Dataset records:
--------------------

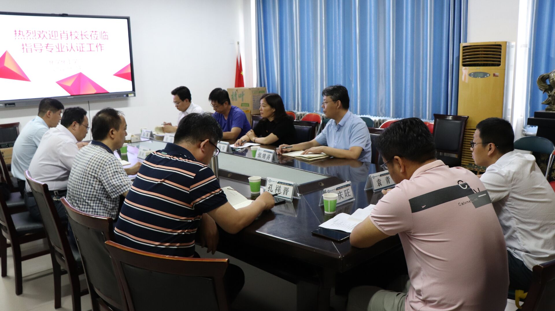 学院负责人汇报了化学和化学工程与工艺专业认证工作的进度、主要优势与特色、存在的不足与困难及下一阶段工作计划。
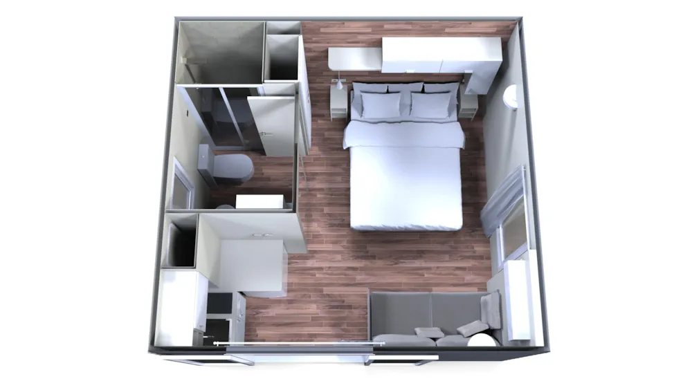 Das Mobilheim ist zweckmäßig aufgeteilt. Separates Elternschlafzimmer und Kinderschlafzimmer. Kleine Wohnküche mit 4-flammigen Gasherd und Spüle, Badezimmer mit Dusche und WC sowie zusätzlich separates WC. Davor eine Veranda mit Tisch und Stühlen.
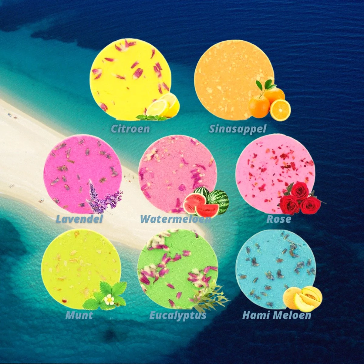 Ben jij ook wel eens moe na een lange dag vol met werk, stress en gehaast? Een dag waarbij jij het liefst even lekker tot rust wil komen en even aan niets wil denken? Een lekkere douche nemen is hiervoor de perfecte gelegenheid, de plek waar jij al je gedachten kunt loslaten en optimaal kunt genieten van een lekker moment voor jezelf, met je partner of met je kinderen. Onze unieke shower steamers voor in de douche, waarbij jij de keuze hebt tussen wél 8 natuurlijke shower steamers met verschillende geuren, biedt de perfecte oplossing om heerlijk te ontspannen en je hoofd leeg te maken onder een lekkere douche met heerlijke aroma’s.
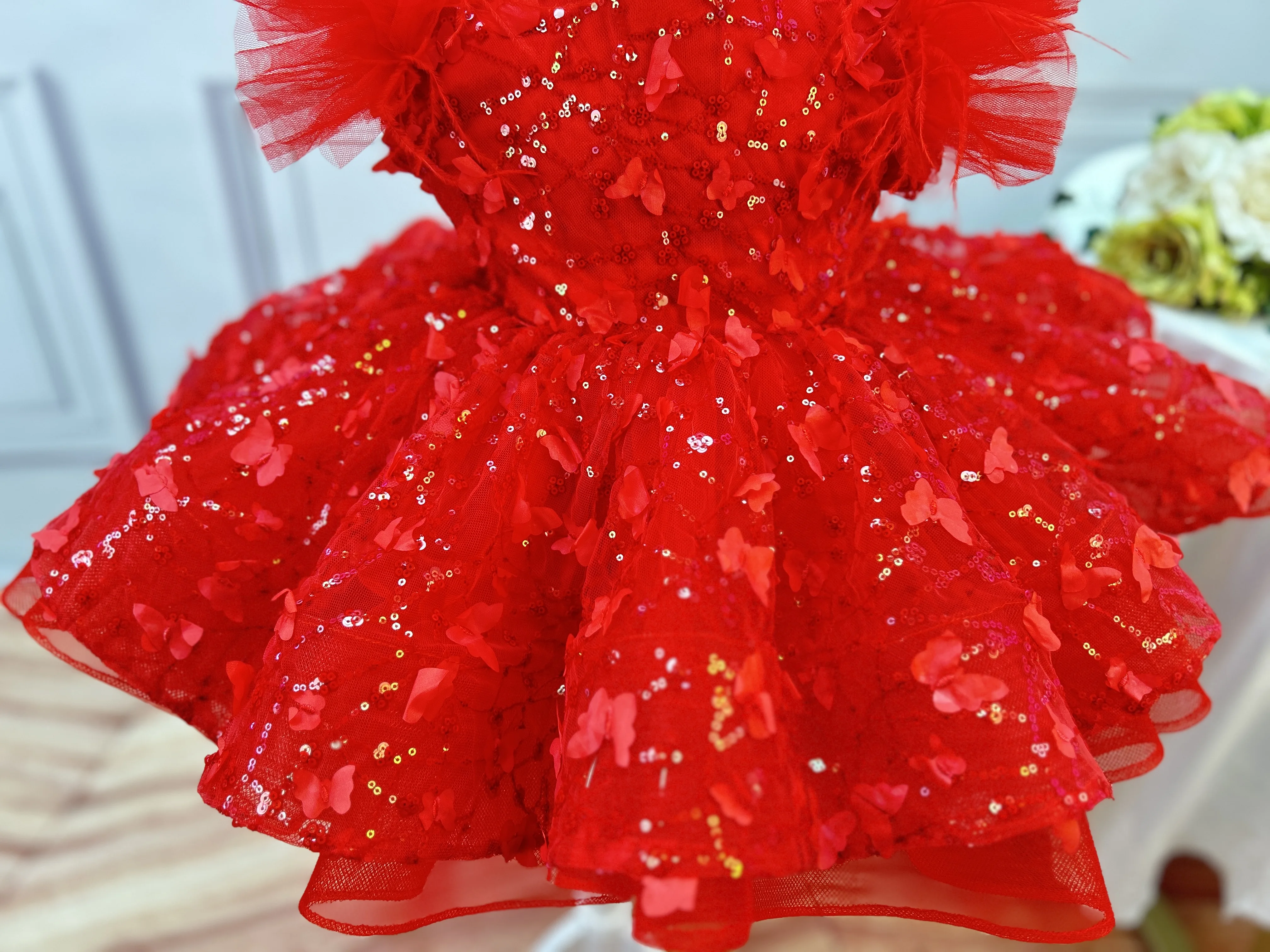 Girls Long Sleeves Butterfly Design Fluffy Party Dresses
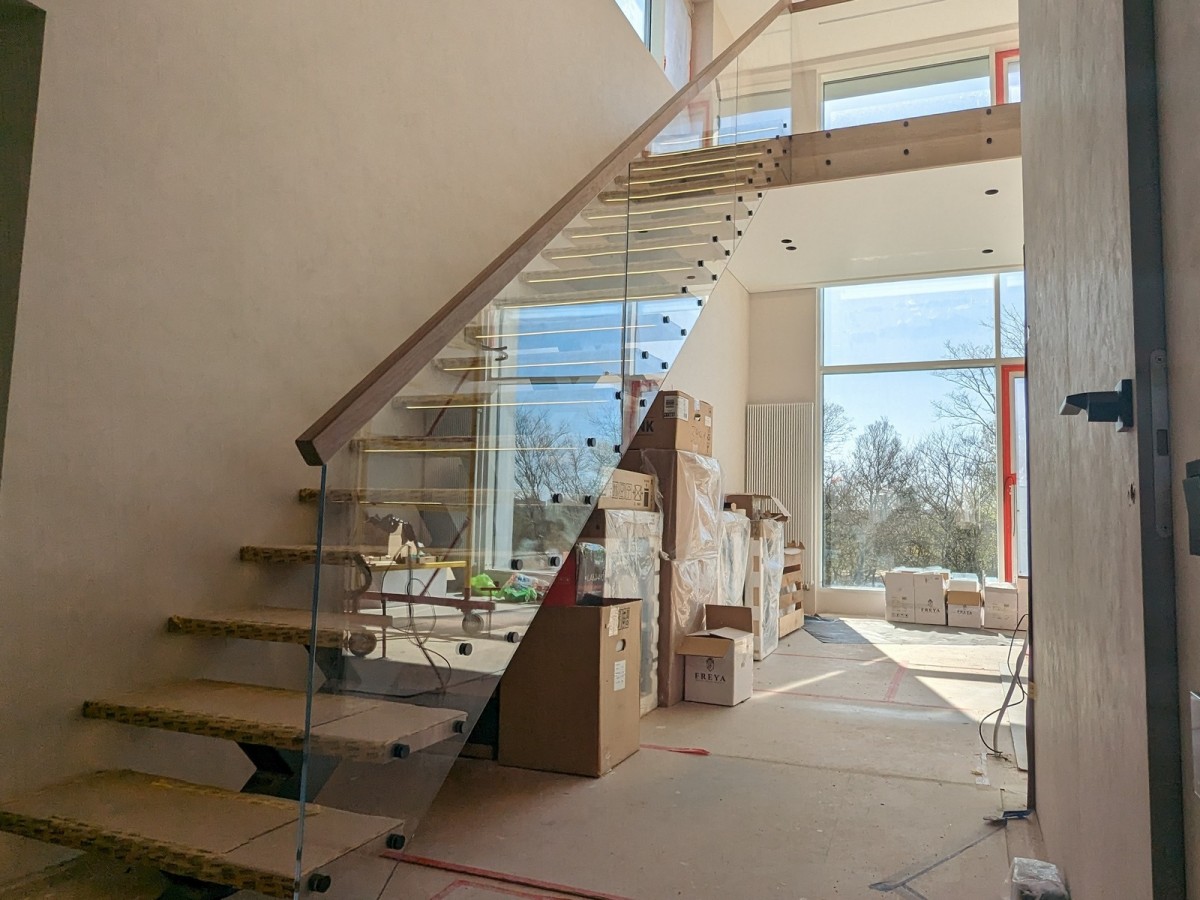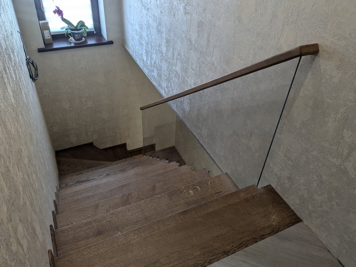 - Изготовление лестницы со ступенями из дуба и ограждением из осветленного стекла триплекс на ул. Нововиленская
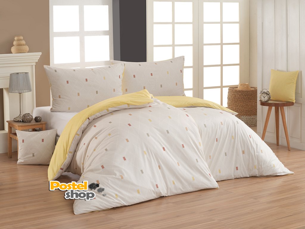 Užijte si hravé stlaní s bavlněným povlečením Bennett, které se stane decentní ozdobou každého interiéru, od moderní minimalistické ložnice až po ložnici v horské chaloupce. Vrchní stranu povlečení zdobí geometrický vzor se žlutými, cihlovými a béžovými obdélníčky na přírodním béžovém podkladu. Na spodní straně povlečení je zjednodušený geometrický vzor na vanilkově žlutém podkladu.
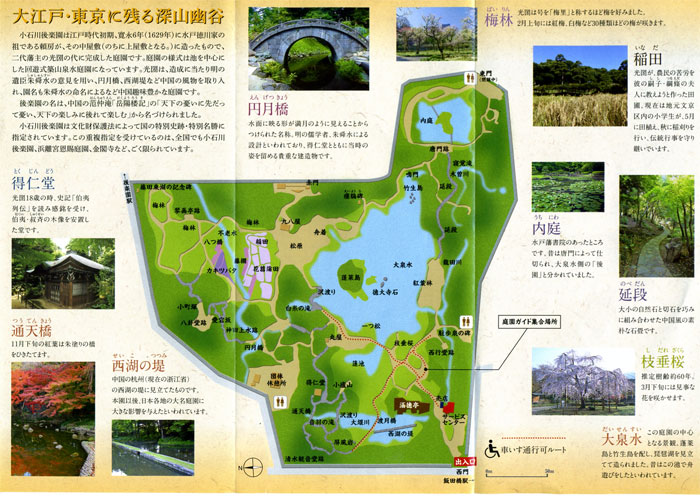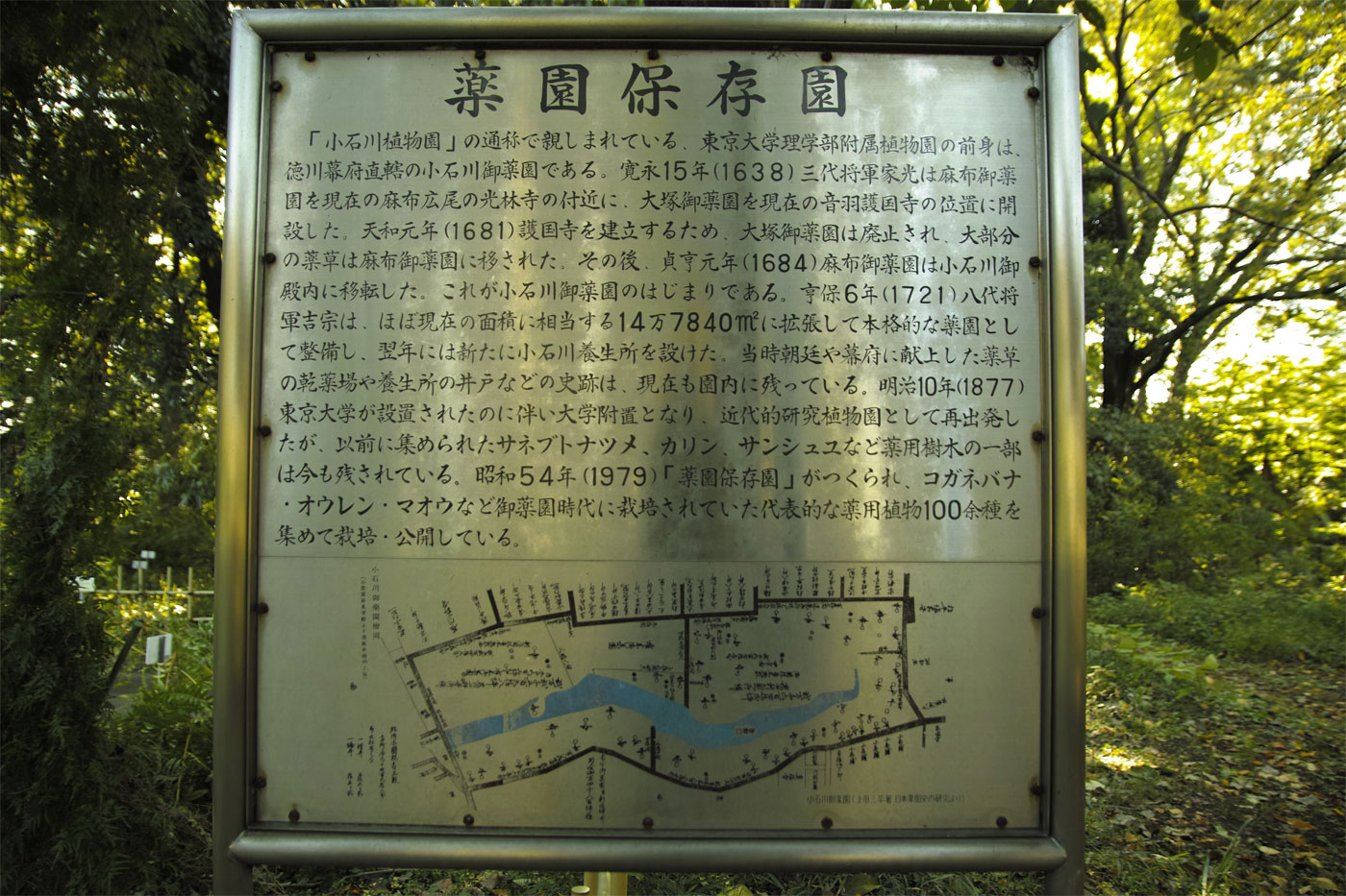 江戸時代小石川に養生所で使われた薬草を栽培していた薬草園を小さくして現代に伝えている

--------------------

WHAT TO WORK ON - Once the line holding "- Изготовление лестницы" is found, set down that line and every line after it, exactly, through the last line of the records above, omitting pictures.

WRITTEN RESPONSE -
 - Изготовление лестницы со ступенями из дуба и ограждением из осветленного стекла триплекс на ул. Нововиленская
 Užijte si hravé stlaní s bavlněným povlečením Bennett, které se stane decentní ozdobou každého interiéru, od moderní minimalistické ložnice až po ložnici v horské chaloupce. Vrchní stranu povlečení zdobí geometrický vzor se žlutými, cihlovými a béžovými obdélníčky na přírodním béžovém podkladu. Na spodní straně povlečení je zjednodušený geometrický vzor na vanilkově žlutém podkladu.
 江戸時代小石川に養生所で使われた薬草を栽培していた薬草園を小さくして現代に伝えている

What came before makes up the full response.